ESTRO 2024 - Abstract Book

S3202

Physics - Detectors, dose measurement and phantoms

ESTRO 2024

542

Digital Poster

In-vivo micro-dosimetry in modern radiation therapy (RT) treatment

Sree Bash Chandra Debnath 1,2 , Didier Tonneau 3 , Carole Fauquet 3 , Agnes Tallet 4 , Marjorie Ferre 4 , Julien Darreon 4

1 Aix-Marseille University, Physics, Marseille, France. 2 Lasers, Plasmas et Procédés Photoniques - LP3, Physics- UMR 7341, Marseille, France. 3 Aix-Marseille University, Physics- CINaM-UMR 7325, Marseille, France. 4 Institut Paoli Calmettes, Radiation Therapy, Marseille, France

Purpose/Objective:

Due to its compact size, robustness, and high sensitivity, optical fiber-based scintillating dosimetry has been a promising technique for small-field radiation dosimetry [1,2,3]. Despite several advantages, a Cerenkov contamination could lead to dose perturbation, thus limiting its application. This study is focused on Cerenkov-free in-vivo micro-dosimetry techniques to evaluate dose measurements at in-vivo conditions.

Material/Methods:

A novel infrared inorganic scintillating device (IR-ISD) has been used to evaluate in-vivo dose measurements and dose distributions. The device is composed of sensitive infrared (IR) scintillating materials (emitting range ~ 1470 nm) integrated into an optical fiber, and an IR-photon counter (AUREA TECHNOLOGY©) to measure the dose image at the output of the detector. The measurement of the internal dose has been performed under 320KV- 192Ir Brachytherapy (BT) source in the hospital provided by Elekta microSelectron HDR-V2 afterloader. Overall measurements were performed using IBATM blue phantoms and solid water slabs by following TG43U1 recommendations for BT treatment that allows dose distribution with high precision according to international standards (IAEA, AAPM, etc.). Cerenkov measurements were performed at different distances (0.2 cm to 8 cm) from the radioactive source for different dose rates. The IR-ISD system performances were also investigated in terms of dose stability, dose linearity, dose rate proportionality, dose distributions, scintillation stability, and energy dependency. Dwell times were measured and calculated by IR-ISD for several constant and random dwell times selected by the operators at the machine at different dwell positions. Finally, a comparison between the IR- ISD measurements and results obtained from the TG43 reference Dataset has been presented.

Results:

IR-ISD system measurements demonstrated excellent linear behavior (R2 = 1) for the investigated dose rates at 0.5 cm and 8 cm distances from the source, respectively. Standard deviation (1σ) remains within 0.025% of signal magnitude, and no Cerenkov signal was monitored till 0.2 cm of source-to-detector distance.
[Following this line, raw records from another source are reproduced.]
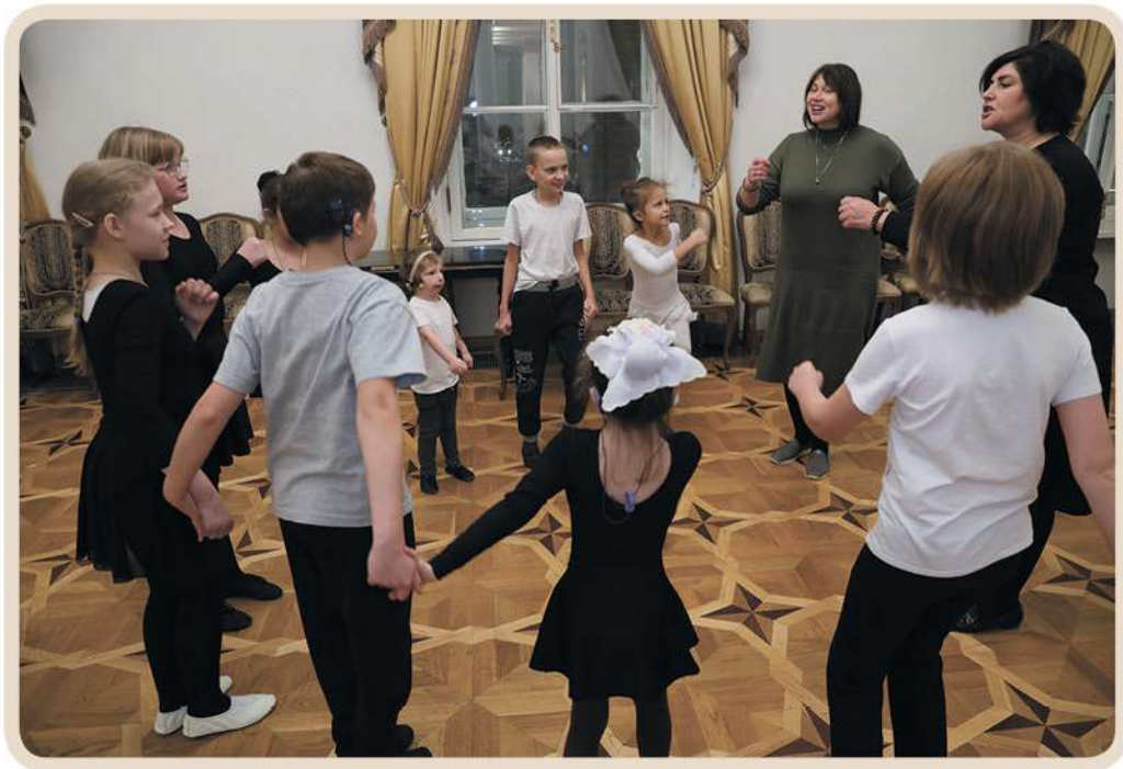
Упражнение «Броуновское движение»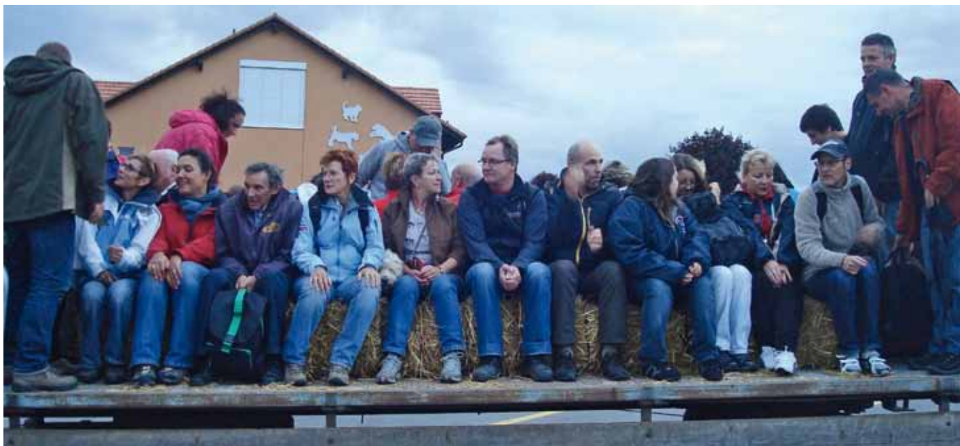
Dominomobile prête pour le départ-Semaine de la mobilité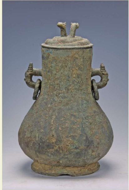
公铸壶（沂水县刘家店子春秋墓出土）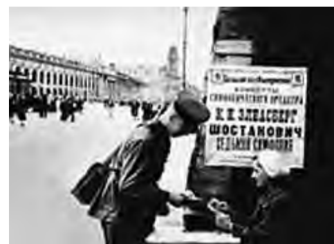
Афиша об исполнении седьмой симфонии

И был назначен день концерта – 9 августа 1942 года. Но враг по-прежнему стоял под стенами города и собирал силы для последнего штурма. Вражде-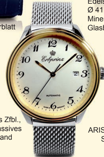
K3 versilbertes Zfbl., Bicolor, massives Milanaisband € 595,--

Edelstahlgehäuse, Ø 41 mm, 5 atm, Mineralglas, Glasboden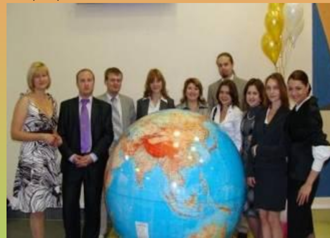
и другие окружные мероприятия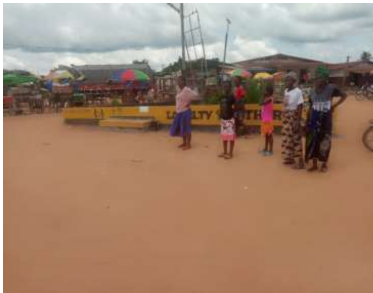
Séance de Sensibilisation sur les précautions et comportement à adopter pour la protection des Eléphants dans la préfecture de Bhan (15/09/2020)

Scintillation stability of 0.45% is achieved, and afterglow stays less than 0.85% of the total signal. Symmetrical behavior of the dose rate was observed at different radiation planes. The measured dwell times were found to be acceptable with the planned dwell times that matched with 0.09% average accuracy for the constant dwell times and 0.25% average accuracy for random dwell times in different dwell positions.